R: Expected Vocabulary Growth by Binomial Interpolation (zipfR)
vgc.interp
R Documentation
Expected Vocabulary Growth by Binomial Interpolation (zipfR)
Description
vgc.interp computes the expected vocabulary growth curve for
random sample taken from a data set described by the frequency
spectrum object obj.
Usage
vgc.interp(obj, N, m.max=0, allow.extrapolation=FALSE)
Arguments
obj
an object of class spc, representing the frequency
spectrum of the data set from which samples are taken
N
a vector of increasing non-negative integers specifying the
sample sizes for the expected vocabulary size is calculated (as well
as expected spectrum elements if requested)
m.max
an integer in the range 1 … 9, specifying the
number of spectrum elements to be included in the vocabulary growth
curve (default: none)
allow.extrapolation
if TRUE, the requested sample sizes
N may be larger than the sample size of the frequency spectrum
obj, so that binomial extrapolation is performed.
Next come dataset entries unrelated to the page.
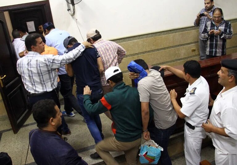 Photo credit: Egyptian men on trial for doing a video prosecutors claimed was of a gay wedding enter the courtroom in Cairo on 1 November 2014 (AFP)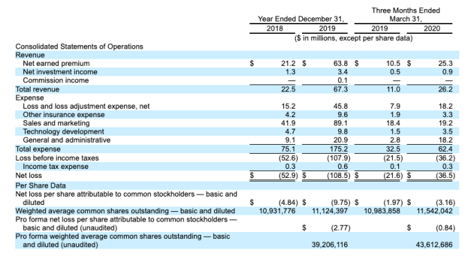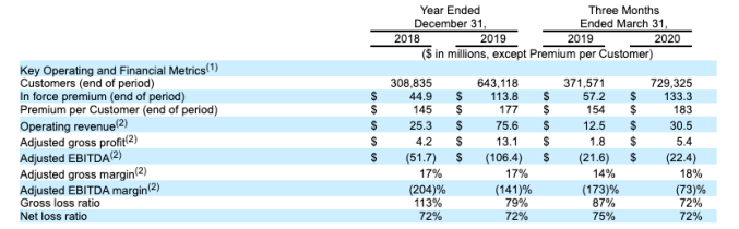 We’ll talk margins a little later, as that bit is annoying. What matters is that Lemonade’s cost structure is suffocating when compared to its ability to pay for it. Net losses rose from $52.9 million in 2018 to $108.5 million in 2019. More recently, a Q1 2019 net loss of $21.6 million was smashed in the first quarter of 2020 when the firm lost $36.5 million.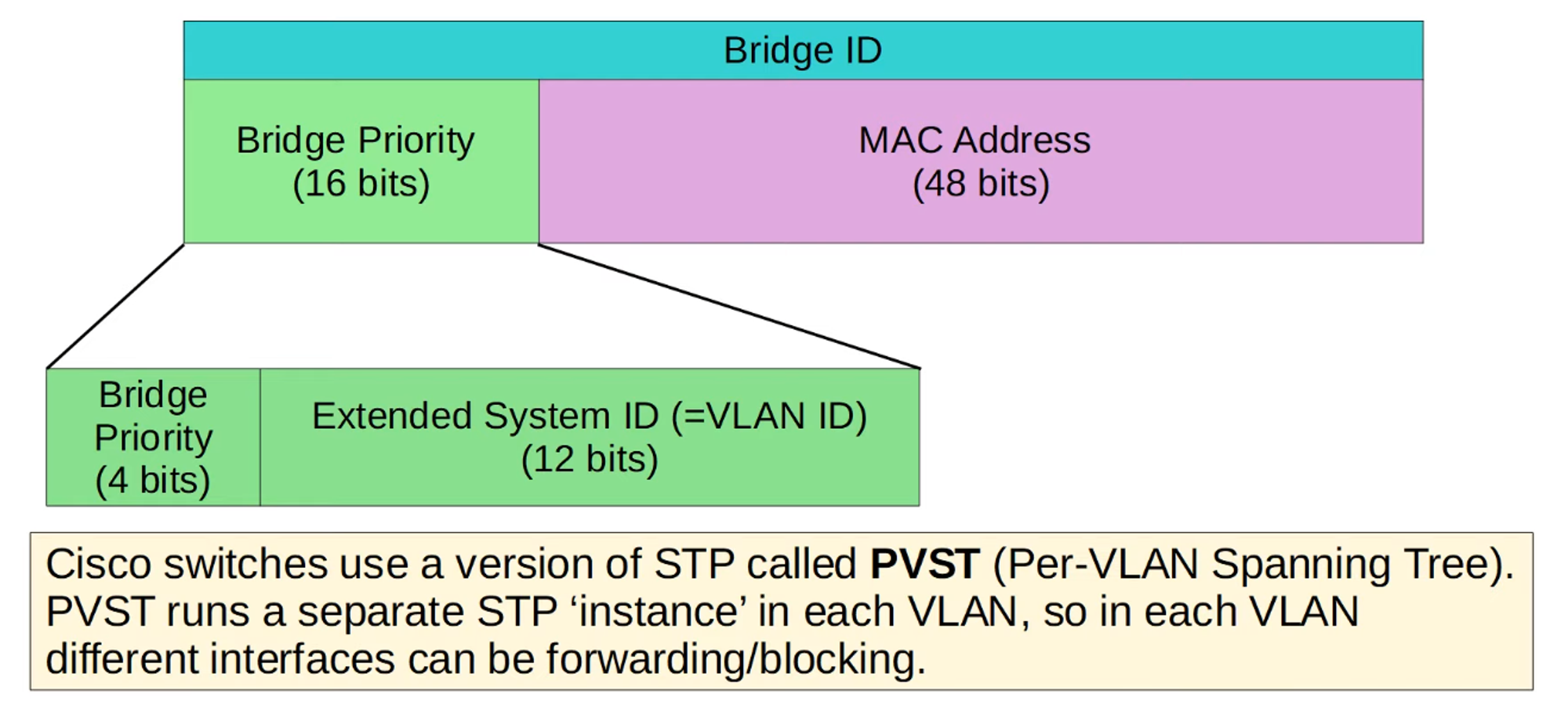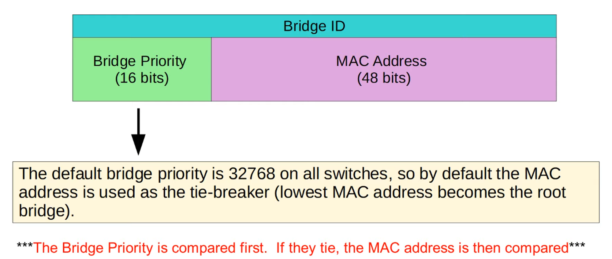 - If the Bridge ID is tied, the switch with the lowest MAC address wins.
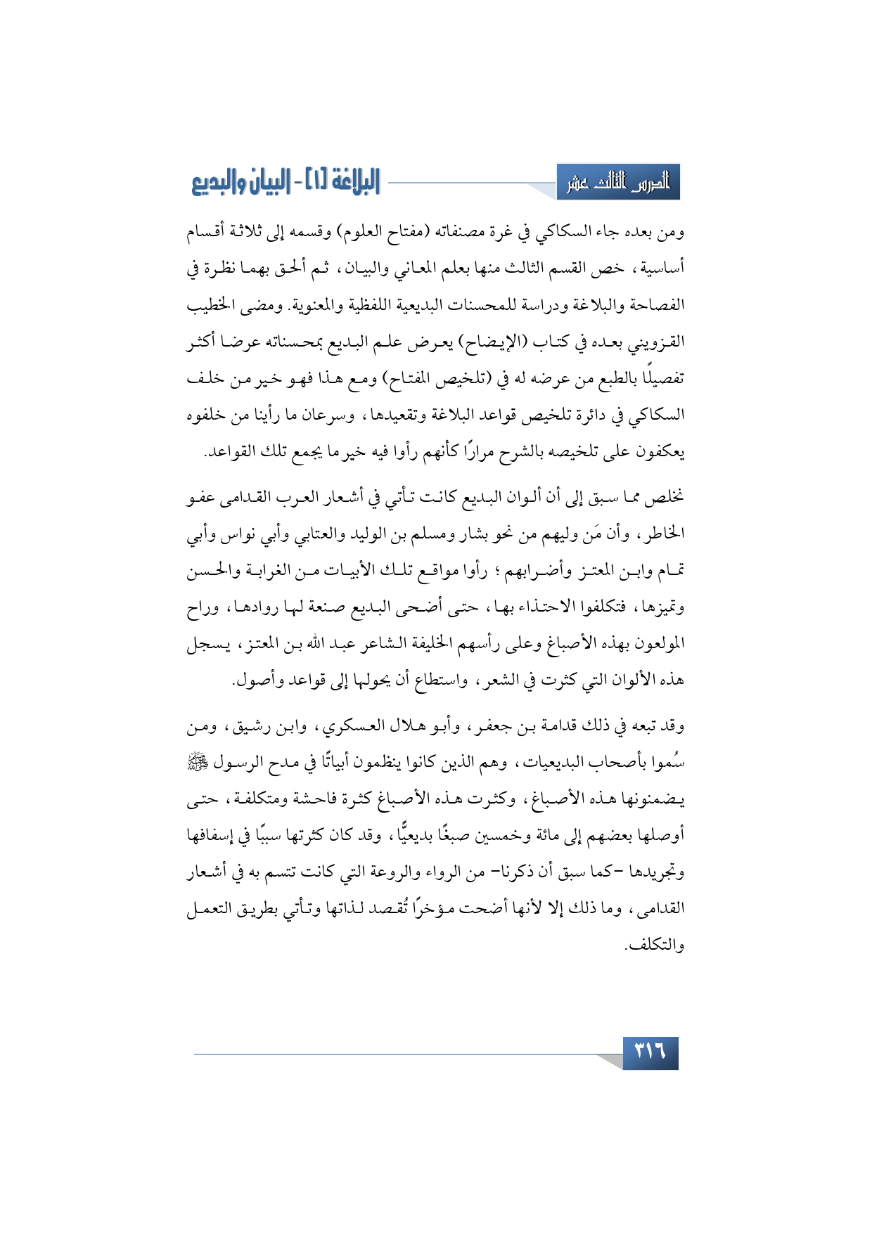 ومن بعده جاء السكاكي في غرة مصنفاته (مفتاح العلوم) وقسمه إلى ثلاثة أقسام أساسية، خص القسم الثالث منها بعلم المعاني والبيان، ثم ألحق بهما نظرة في الفصاحة والبلاغة ودراسة للمحسنات البديعية اللفظية والمعنوية. ومضى الخطيب القزويني بعده في كتاب (الإيضًاح) يعرض علم البديع بمحسناته عرضا أكثر تفصيلًا بالطبع من عرضه له في (تلخيص المفتاح) ومع هذا فهو خير من خلف السكاكي في دائرة تلخيص قواعد البلاغة وتقعيدها، وسرعان ما رأينا من خلفوه يعكفون على تلخيصه بالشرح مرارًا كأنهم رأوا فيه خير ما يجمع تلك القواعد.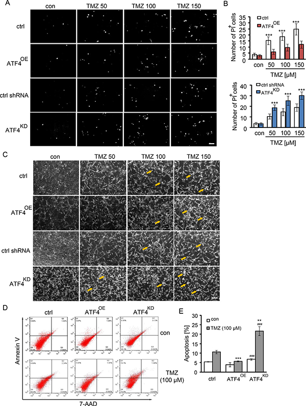 Figure 2: TMZ induces cell death in an ATF4-dependent manner. (A and B) ATF4OE and ATF4KD U87 cells were treated with TMZ at indicated concentrations for 3 days. Cell death was demonstrated by propidium iodide (PI) staining. Scale bar represents 100 μm. n ≥ 3 per group. Statistical analysis was performed by unpaired Student’s test. ***P < 0.001, ctrl (peGFP-N1) versus ATF4-GFP or ATF4 shRNA versus ctrl shRNA. (C) Visualization of ATF4OE and ATF4KD U87 cells treated with TMZ for 3 days. Scale bar represents 100 μm. (D) Cell death analysis was performed by flow cytometer with 7-AAD (late apoptosis) and Annexin V (early apoptosis) staining. (E) Quantification of apoptotic cell death in ATF4OE and ATF4KD U87 cells treated with TMZ. n = 3 per group. Statistical analysis was performed by unpaired Student’s test. **P < 0.01, ***P < 0.001, ctrl versus ATF4-GFP or ctrl shRNA versus ATF4 shRNA; ###P < 0.001, ATF4-GFP versus ATF4 shRNA.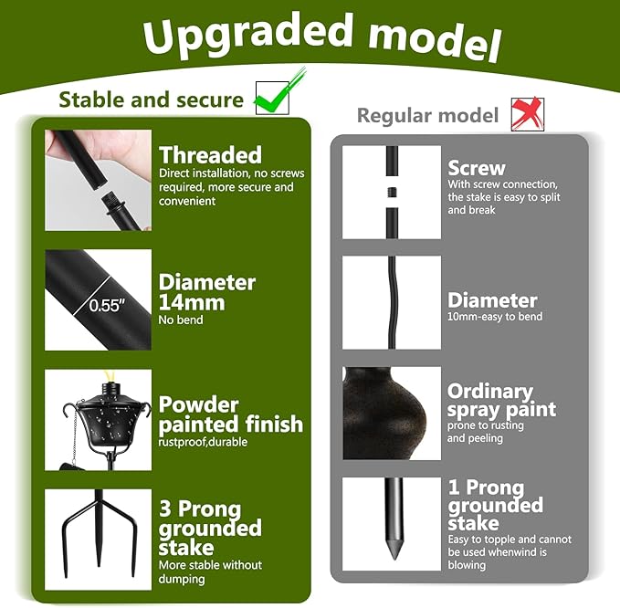 • 【3-Prong Stake】Improved the grounded stakes to 3-prong stake, which is more stable. No bends and breaks.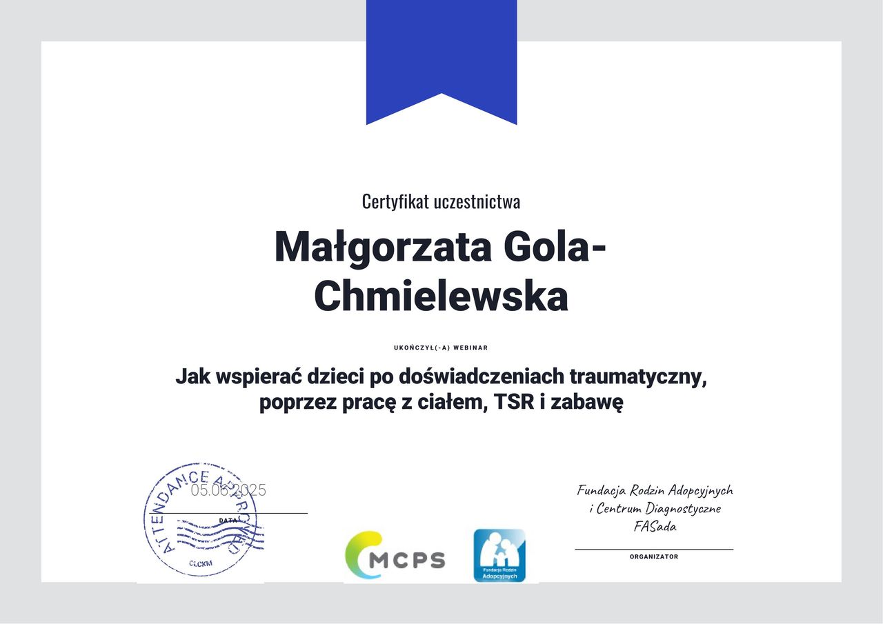 * Jak wspierać dzieci po doświadczeniach traumatycznych poprzez pracę z ciałem, TSR i zabawę.

This obtion should be used with great caution (see
EV.spc for details).
Details
See the EV.spc manpage for more information, especially
concerning binomial extrapolation.
Note that the result of vgc.interp is an object of class
vgc (a vocabulary growth curve), but its input is an
object of class spc (a frequency spectrum).
Value
An object of class vgc, representing the expected vocabulary
growth curves for random samples taken from the data set described by
obj. Data points will be generated for the specified sample
sizes N.
See Also
vgc for more information about vocabulary growth curves
and links to relevant functions; spc for more
information about frequency spectra
The implementation of vgc.interp is based on the functions
EV.spc and EVm.spc. See the respective
manpages for technical details.
spc.interp computes the expected frequency spectrum for
a random sample by binomial interpolation.
Examples
## load the Tiger PP expansion spectrum
## (sample size: about 91k tokens)
data(TigerPP.spc)
## binomially interpolated curve
TigerPP.bin.vgc <- vgc.interp(TigerPP.spc,(1:100)*910)
summary(TigerPP.bin.vgc)
## let's also add growth of V_1 to V_5 and plot
TigerPP.bin.vgc <- vgc.interp(TigerPP.spc,(1:100)*910,m.max=5)
plot(TigerPP.bin.vgc,add.m=c(1:5))